DATA UNDER STUDY:
Start of Block
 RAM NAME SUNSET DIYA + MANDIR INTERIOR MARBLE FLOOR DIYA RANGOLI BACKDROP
End of Block
Start of Block
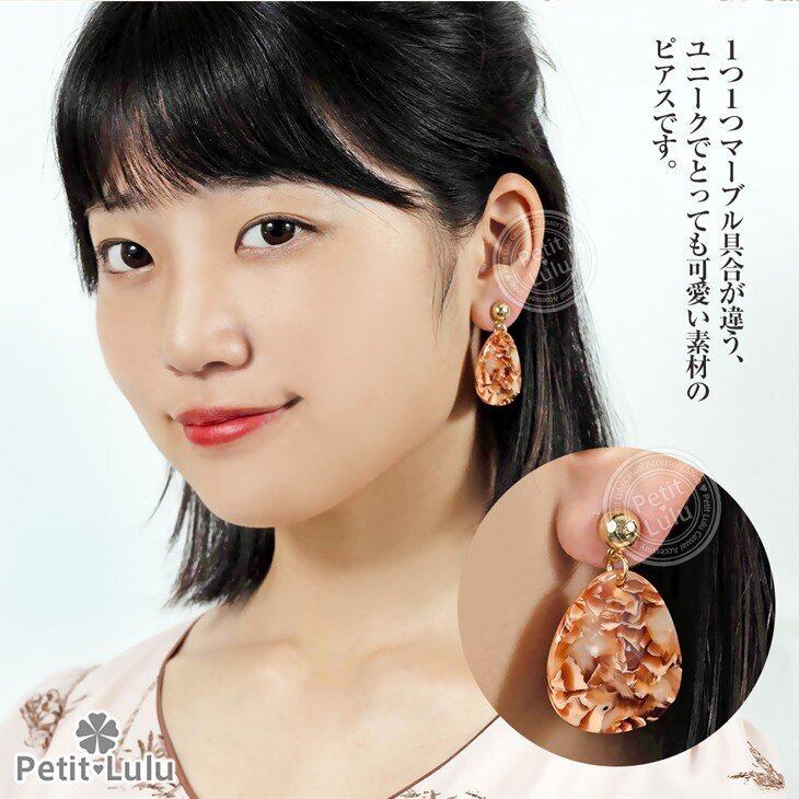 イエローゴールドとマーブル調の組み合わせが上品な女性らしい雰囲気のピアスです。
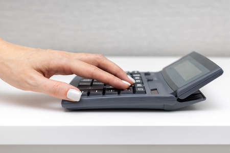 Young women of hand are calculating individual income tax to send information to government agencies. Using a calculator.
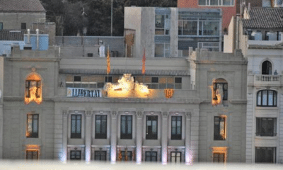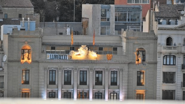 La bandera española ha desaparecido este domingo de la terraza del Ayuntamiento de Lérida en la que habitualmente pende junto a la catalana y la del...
End of Block
REQUIREMENT: Would you please reproduce the entries above, starting at the line with "イエローゴールドとマーブル調の組み合わせが上品な女性らしい雰囲気のピアスです。" and stopping after the line with "La bandera española"? Omit any pictures.

WORKED SOLUTION:
 イエローゴールドとマーブル調の組み合わせが上品な女性らしい雰囲気のピアスです。
 Young women of hand are calculating individual income tax to send information to government agencies. Using a calculator.
 La bandera española ha desaparecido este domingo de la terraza del Ayuntamiento de Lérida en la que habitualmente pende junto a la catalana y la del...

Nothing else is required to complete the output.